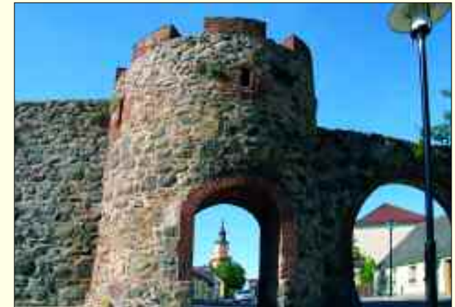
Einst durch die Stadtmauer gut geschützt – die Stadt Templin.

Der Name der Stadt dürfte sich aus den germanischen Sprachen herleiten lassen. Dort bedeutet das Wort timpen, tempen oder tempel „Spitzer Hügel“. Von den slawischen Stämmen, so wird vermutet, wurde die Endung „lin“ angefügt, was so viel bedeutet wie „am Wasser gelegen“. „Templyn“ wird erstmals am 2. Oktober 1270 auf einer Urkunde genannt. Die erste in Templin ausgestellte Urkunde datiert aus dem Jahre 1287, und am 30. August 1314 wurde eine Urkunde ausgestellt, in der erstmals die Bezeichnung „Oppidum Templin“ (Stadt Templin) erscheint.
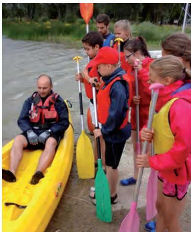
Activité canoë-kayak à Bairon
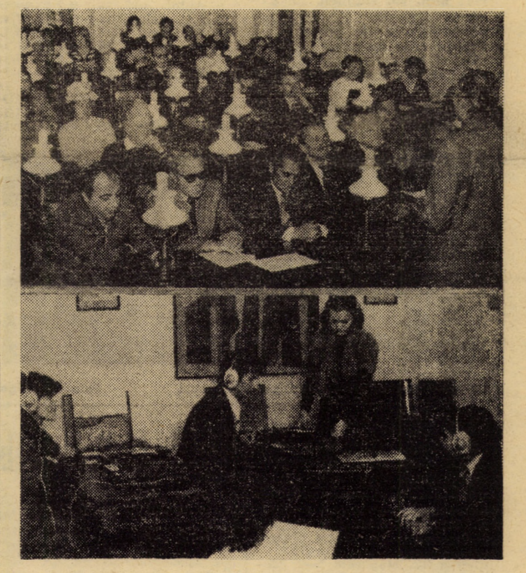
Aspecte de la momentul inaugural al secției muzicale din cadrul Bibliotecii „Astra“

piul Sibiu și I.J.G.C.L. Sibiu către toate consiliile populare municipale și întreprinderile similare din țară. Astfel, planul de producție prestații a fost depășit cu 21 milioane lei, planul de beneficii cu 3,1 milioane lei, s-a realizat o economie de combustibil de 130 tone etc., asigurîndu-se toate condițiile pentru realizarea integrală a angajamentelor asumate. Preocupările noastre viitoare vizează îmbunătățirea ba-
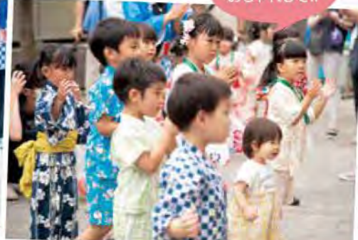
いつもと違う おしゃれして!!
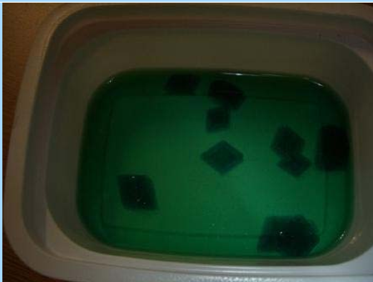
Кристаллы \text{NiSO}_4 \cdot 7\text{H}_2\text{O} (автор Farmacet)
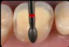
Création d'un épaulement circulaire

Realizzazione del bordo circolare della preparazione
====
ASSIGNED TASK: If a line of the data holds the string "Templin", list it.

WRITTEN RESPONSE:
Einst durch die Stadtmauer gut geschützt – die Stadt Templin.
Der Name der Stadt dürfte sich aus den germanischen Sprachen herleiten lassen. Dort bedeutet das Wort timpen, tempen oder tempel „Spitzer Hügel“. Von den slawischen Stämmen, so wird vermutet, wurde die Endung „lin“ angefügt, was so viel bedeutet wie „am Wasser gelegen“. „Templyn“ wird erstmals am 2. Oktober 1270 auf einer Urkunde genannt. Die erste in Templin ausgestellte Urkunde datiert aus dem Jahre 1287, und am 30. August 1314 wurde eine Urkunde ausgestellt, in der erstmals die Bezeichnung „Oppidum Templin“ (Stadt Templin) erscheint.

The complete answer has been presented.